* Exercise instructions
Among the lines below, take the one holding "Q. 위와 같은 확률", the one holding "升级官方内挂上线,拒绝外挂碾", and all lines between them. Set them down exactly.

* Given information
* * * *

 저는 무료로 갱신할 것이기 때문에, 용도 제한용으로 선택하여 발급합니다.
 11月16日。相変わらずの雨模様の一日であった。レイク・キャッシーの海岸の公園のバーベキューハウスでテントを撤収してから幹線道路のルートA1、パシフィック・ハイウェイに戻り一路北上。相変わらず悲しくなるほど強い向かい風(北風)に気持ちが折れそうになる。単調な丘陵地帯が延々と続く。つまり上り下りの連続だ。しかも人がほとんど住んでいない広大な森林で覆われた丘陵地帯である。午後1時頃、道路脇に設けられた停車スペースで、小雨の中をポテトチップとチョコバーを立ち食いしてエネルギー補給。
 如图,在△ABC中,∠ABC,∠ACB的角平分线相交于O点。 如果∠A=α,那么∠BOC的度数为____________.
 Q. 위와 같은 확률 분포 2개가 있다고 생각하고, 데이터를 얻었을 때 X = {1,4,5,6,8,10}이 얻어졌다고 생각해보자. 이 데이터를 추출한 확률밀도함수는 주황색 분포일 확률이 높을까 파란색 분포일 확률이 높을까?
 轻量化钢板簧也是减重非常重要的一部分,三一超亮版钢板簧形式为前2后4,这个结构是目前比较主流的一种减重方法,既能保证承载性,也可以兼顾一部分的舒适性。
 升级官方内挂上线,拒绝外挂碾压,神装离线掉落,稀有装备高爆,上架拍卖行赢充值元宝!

* * * *

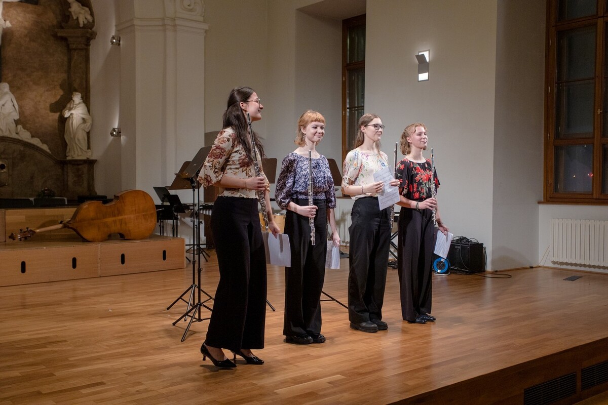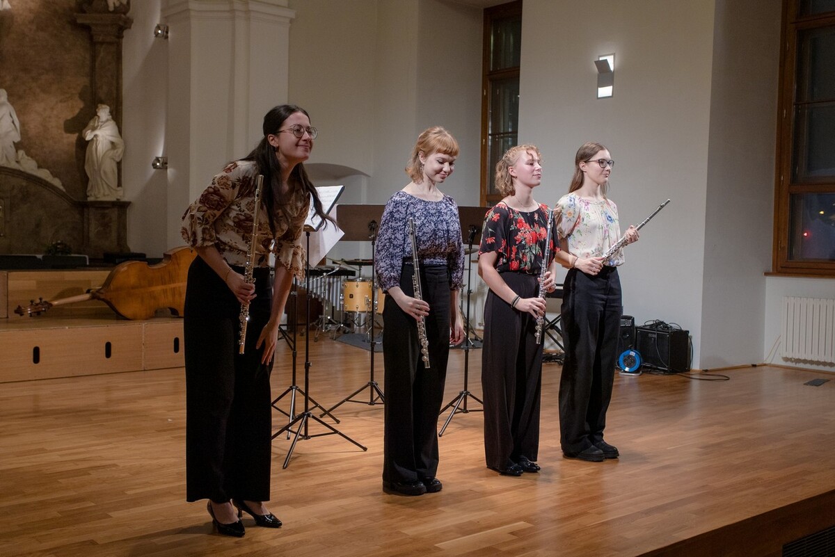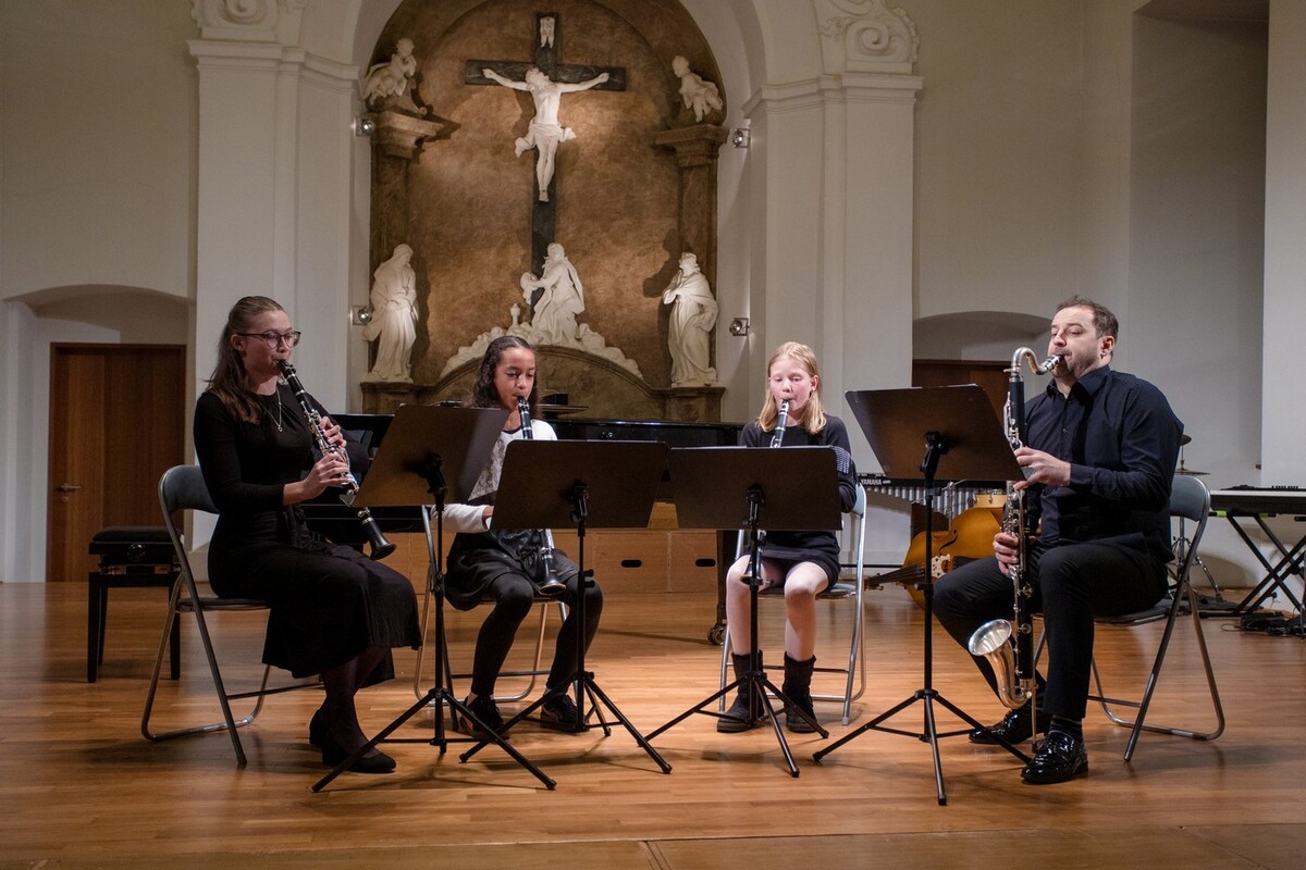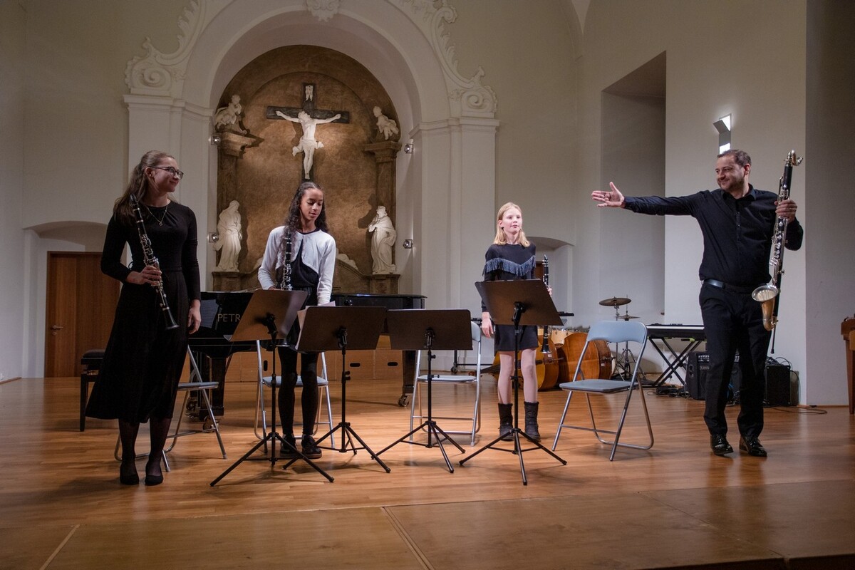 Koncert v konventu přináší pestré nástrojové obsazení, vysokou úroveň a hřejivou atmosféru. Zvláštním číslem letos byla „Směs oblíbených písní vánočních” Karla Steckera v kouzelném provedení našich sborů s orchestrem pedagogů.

* * * *

* Answer for the task
 Q. 위와 같은 확률 분포 2개가 있다고 생각하고, 데이터를 얻었을 때 X = {1,4,5,6,8,10}이 얻어졌다고 생각해보자. 이 데이터를 추출한 확률밀도함수는 주황색 분포일 확률이 높을까 파란색 분포일 확률이 높을까?
 轻量化钢板簧也是减重非常重要的一部分,三一超亮版钢板簧形式为前2后4,这个结构是目前比较主流的一种减重方法,既能保证承载性,也可以兼顾一部分的舒适性。
 升级官方内挂上线,拒绝外挂碾压,神装离线掉落,稀有装备高爆,上架拍卖行赢充值元宝!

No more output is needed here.